Геннадий Ревенко валялся посреди кухни на полу и оглушительно храпел. Роста он был не очень высокого, ниже Любы, но плечистый, коренастый и весил отнюдь не мало. Судя по грязной посуде и объедкам на кухонном столе, он, оставшись один в квартире, успел до того, как уснуть, основательно подкрепиться как едой, так и спиртным, обнаруженным в навесном шкафчике.

– Тетя Люба! – тихо ахнула Лариса, увидев сей незатейливый натюрморт с бесчувственным телом в центре композиции. – Какой кошмар! Да если б я знала, что он такое сделает, я бы его одного не оставила. Он, наверное, всю вашу еду съел, да? Вы мне скажите, чего не хватает, я сейчас в магазин сбегаю и все куплю, вы только…

– Успокойся, Лариса, – твердо сказала Люба. – Пойдем организуем место, куда его можно перетащить.

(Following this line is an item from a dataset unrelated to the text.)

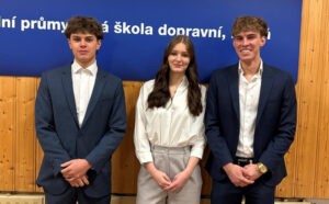 Mnozí známe formalizovaný postup výběrového řízení, ve kterém je vyhledáván nejvhodnější kandidát na pracovní pozici. Praktické zkušenosti z výběrového řízení můžeme získat jen přímou účasti, tak jako naši žáci 4. ročníků Kateřina Ježová, Tomáš Turek a Dominik Končal. Naši žáci se ve čtvrtek 26. března 2026 od 8.00 h zúčastnili na SPŠ dopravní v Plzni každoročně pořádané městské soutěže „Fiktivní výběrové řízení“. Mohli se ucházet o pozici asistentky ředitele, marketingového pracovníka nebo manažera logistiky.

Она повела соседку в комнату Николаши, достала из шкафа надувной резиновый матрас и велела Ларисе привести его в надлежащий вид, превратив в спальное место. Когда матрас был надут, они принесли его на кухню и стали перекладывать на него крепко спящего мужчину, оказавшегося непомерно тяжелым даже для двух отнюдь не хрупких женщин. Люба почувствовала, как что-то хрустнуло у нее в позвоночнике и спину пронзила резкая боль, но она стиснула зубы и промолчала, тем более что боль почти сразу утихла. Наконец Геннадий оказался на матрасе, и Люба с Ларисой, согнувшись в три погибели и ухватившись за резиновые края, потащили свою тяжкую ношу в комнату Николаши.

– А вдруг Коля рассердится, что мой папа у него в комнате валяется? – испуганно спросила Лариса.

– У тебя есть другие варианты? Леля придет с минуты на минуту, к ней в комнату его точно нельзя положить. Родислав Евгеньевич тоже скоро придет, так что и в большую комнату твоего папу определить нельзя. И на кухне оставить нельзя, мне нужно ужин готовить и всех кормить. Так куда же его девать?

– На лестницу! – осенило Ларису. – Давайте вытащим его на лестничную площадку, пусть там лежит, пока не проспится. Там он никому не помешает. Если бы мы могли его до нашей квартиры дотащить, было бы здорово, но ведь мы с вами его не допрем, больно тяжелый.

– Это верно, – согласилась Люба, пряча невольную улыбку, – не допрем. Тем более что лифт не работает. А насчет лестничной площадки – это плохая идея. Люди будут ходить мимо, он им будет мешать, и кто-нибудь обязательно вызовет милицию. Тебе это надо? А твоему папе? Хочешь, чтобы у него опять были неприятности? Пусть лучше здесь лежит, у Коли в комнате, Коля обычно приходит поздно, может, нам с тобой повезет и твой папа проснется раньше.

– А если не повезет?

– Ну, значит, не повезет, – развела руками Люба. – Пойдем на кухню, помоги мне с ужином.

Храпел Геннадий оглушительно, и ни от Лели, ни от Родислава скрыть его присутствие не удалось. Муж и дочь поморщились недовольно, но в присутствии Ларисы промолчали, и в целом семейный ужин прошел довольно мирно. Леля в черной водолазке и длинной черной юбке, с волосами, перехваченными черной лентой, – в знак траура по погибшему Григорию, – была за столом тихой и печальной, от чая отказалась и ушла к себе. Встревоженная Люба через несколько минут зашла к ней в комнату и увидела дочь возле окна в знакомой позе: Леля стояла, закутавшись в черную шаль и обхватив себя руками. Довольно высокая, она по-прежнему оставалась очень тоненькой, и то, что в детстве воспринималось как трогательная хрупкость, с годами стало больше походить на болезненную худобу. Верхний свет был выключен, горела только настольная лампа.

– Что ты, деточка? – негромко спросила Люба. – Опять грустишь? Из-за Григория?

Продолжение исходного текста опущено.